Restrict Possible Usernames(One Tests fails)

Tell us what’s happening:

I have written the Regex for the challenge Restrict Possible Usernames as below. When I run the regex and try to run all the tests on my own i.e. by printing them:

console.log(result)
console.log(result2)

but somehow the regex fails one test i.e. Your regex should not match J. I don’t know why that’s happening. So, Can anybody suggest me anything?

Your code so far


let username = "J";
// Usernames have to be at least two characters long.
// Username letters can be lowercase and uppercase.

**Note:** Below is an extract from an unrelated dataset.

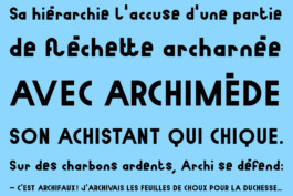 Le caractère Archi a été développé pour la création de l'identité d'un studio d'architecture. Archi est une linéale géométrique au fût régulier et gras. Ses proportions robustes font échos aux caractères de titrages du début du XXe siècle, et sa construction géométrique renvoi aux expérimentations des avant-gardes européenne. La symétrie stricte et récurrente donne à ce caractère un aspect stable. L’asymétrie appliquée au placement des accents apporte une touche de modularité, un esprit joueur.

let userCheck = /^[a-z][a-z]*[0-9]*$/i; // Change this line
let result = userCheck.test(username);

let result2 = username.match(userCheck)

console.log(result)
console.log(result2)

// /^(?=^abc)(?=.*xyz$)(?=.*123)(?=^(?:(?!456).)*$).*$/

// /(?=([a-z][a-z]*))(?=([0-9]$))/ig

// [0-9]$

// /^[a-z]{2,}\d*$/i

// /[a-z][a-z]*[0-9]$/ig


// Usernames have to be at least two characters long

Your browser information:

User Agent is: Mozilla/5.0 (Windows NT 10.0; Win64; x64) AppleWebKit/537.36 (KHTML, like Gecko) Chrome/76.0.3809.132 Safari/537.36.

Link to the challenge:
https://learn.freecodecamp.org/javascript-algorithms-and-data-structures/regular-expressions/restrict-possible-usernames/

You use the regex character * after your second [a-z], which means zero or more letters after the first letter. If there are zero letters after the first letter, you are not making sure that username is at least two characters long and J would be valid, which is not what you intend. Use the regex character that makes sure there are ‘one or more’ letters instead of ‘zero or more’ after the first letter.